Bad news for American middle class (0)

Anonymous Coward | about 2 years ago | (#39875051)

Our great Universities are now training millions of workers from around the world. All of these people will be competing with the American middle class, driving wages down. It is what it is, but its not necessarily a good thing.

The Americans who are maintaining their standard of living are somehow protected against foreign competition. This protected class is getting smaller and smaller. I wish I had studied plumbing instead of science.

spherical planet (1)

FunkDup (995643) | about 2 years ago | (#39876269)

Seriously, when the fuck is "fall"? Every time I see that shit I have to figure out when "spring" is and then deduct six months and I'm still not sure.

Chuck it on the pile with your football stadiums, libaries of congress, Farenheits, the Kings thumb and his servants foot, and burn the whole fucking lot.

More busythink (1)

Sqreater (895148) | about 2 years ago | (#39877541)

Education for the sake of education is a waste of time and effort.
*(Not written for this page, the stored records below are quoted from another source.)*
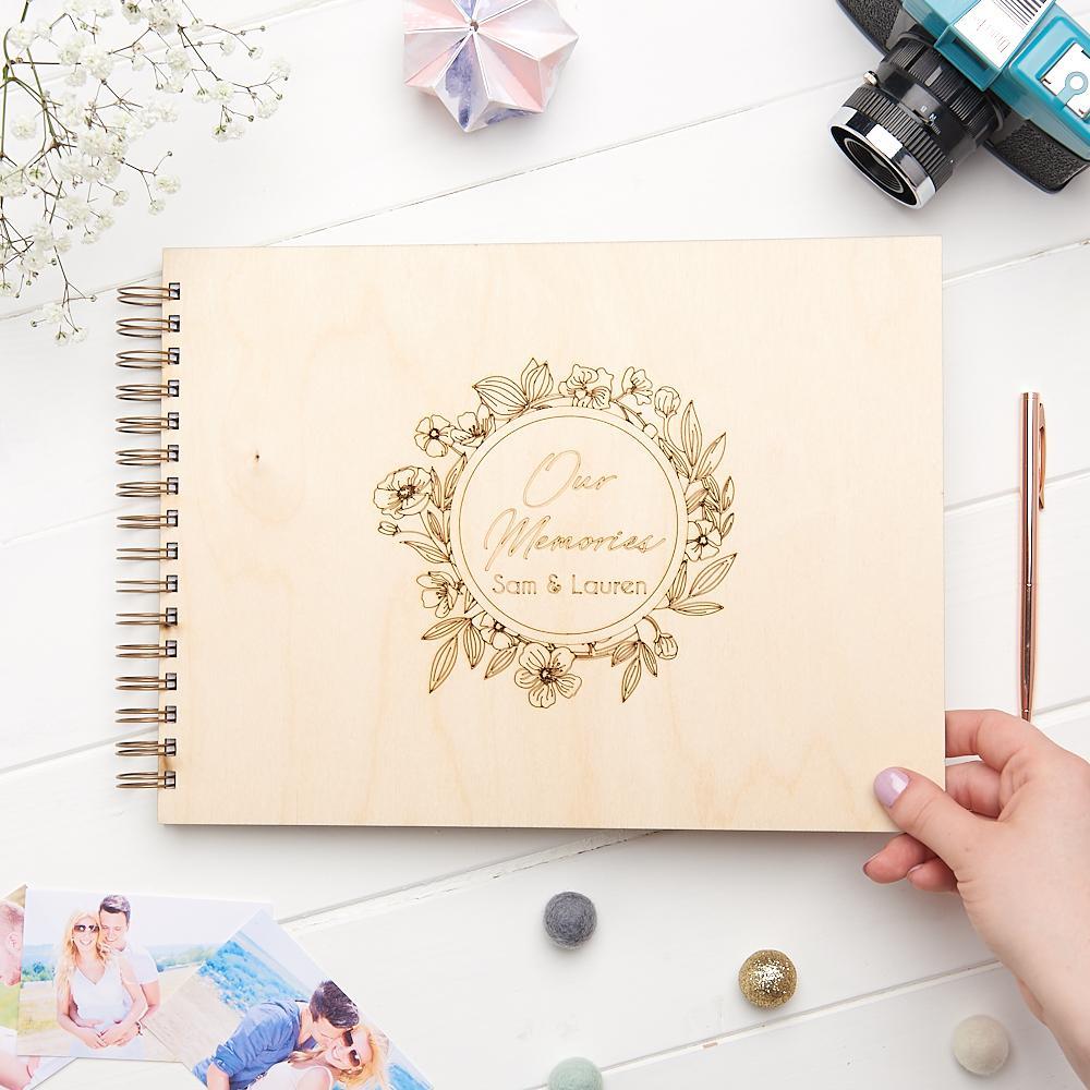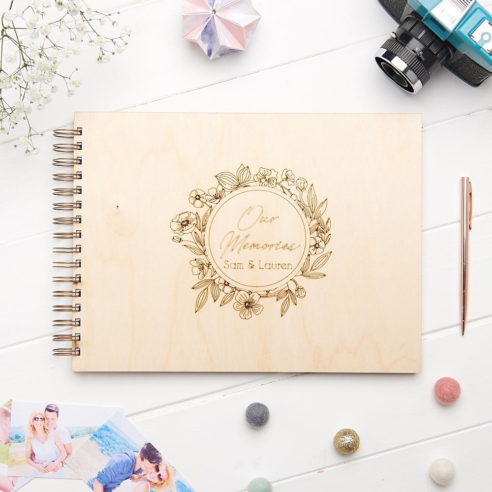 Celebrate those amazing memories you have as a couple with our gorgeous laser engraved wooden photo album, featuring our floral design. This beautiful book is personalised with your surname, wedding location and wedding date. All our guest books can be made from either birch or oak. This is a guest book that can be used on the big day and afterwards can be used as a memory book with wedding snaps, dried flowers from the wedding bouquet and wedding stationery.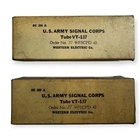 These tubes are new in box (NIB) and have not been tested. They are older stock and may have accumulated some light dust over time, which can be cleaned if desired. The original boxes show signs of age, including possible wear or discoloration. Tubes appear to be in excellent cosmetic condition, with no visible damage to the glass or pins. Due to their untested nature, they are sold as-is . Please review all photos carefully for additional details. These are not a matched pair.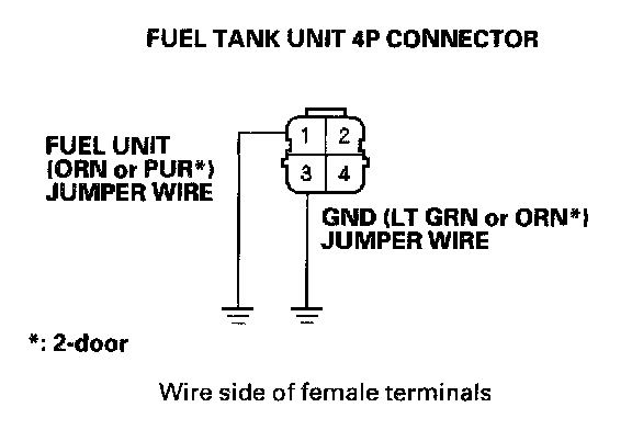 7. Connect the fuel tank unit 4P connector No. 1 and No. 3 terminals and body ground with jumper wires.
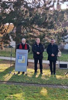 Im Anschluss erfolgte die Kranzniederlegung. Herr Frey, Herr Dähnert und Herr Richter legten gemeinsam einen Kranz nieder, ebenso Herr Koch, Herr Küntzel und Herr Schütz. Die feierliche Zeremonie wurde erneut musikalisch begleitet.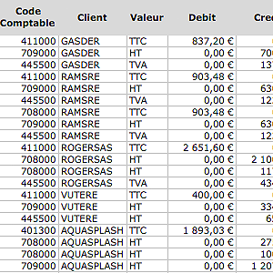 Paramétrez vos codes comptables sur vos tiers (clients,fournisseurs), produits et TVA, comptes de charges, comptes bancaires, et exportez les écritures correspondant à votre facturation et vos achats, au format comptable, tel un journal, en version cvs ou excel.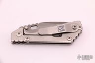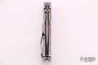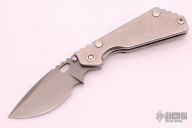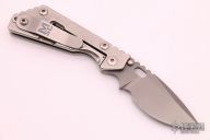 This PT framelock folder by Mick Strider features a black wide belly blade with notched thumbrest and a thumbhole. The handle has a tumble finished titanium frame with matching tip up titanium clip. Nice detent, lockup and blade seating. Has some scratches on the clip, otherwise excellent condition.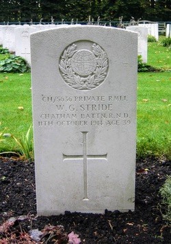 Son of James and Elizabeth Stride; husband of Edith Maud Stride, of 22, Glennmore St., Southchurch, Southend-on-Sea. Served in the South African Campaign with the 1st Bn. Royal Scots. Born at Mortlake, London.
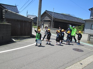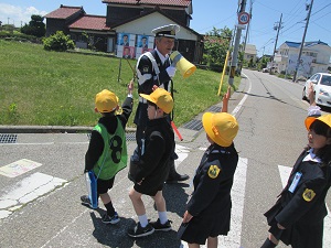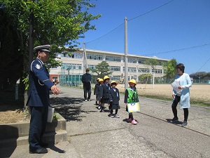 警察の方の指導の下、グループになって安全な道の歩き方や横断の仕方を実際の道路を使って練習しました。引率してくださったボランティアの皆様、各チェックポイントで見守ってくださったPTA生活指導部の皆様、ありがとうございました。

We live in a credentialist society, and the only thing that matters is the paper you get from your academic efforts. But I guess this kind of thing allows the macroparasitic education institutions to assuage their consciences as they jack up the cost of the actual paper education (the REAL education) they sell to their students at relentlessly rising cost. "Are we not wonderful? We provide education for free (or "low" cost) to the lumpenproletariat!"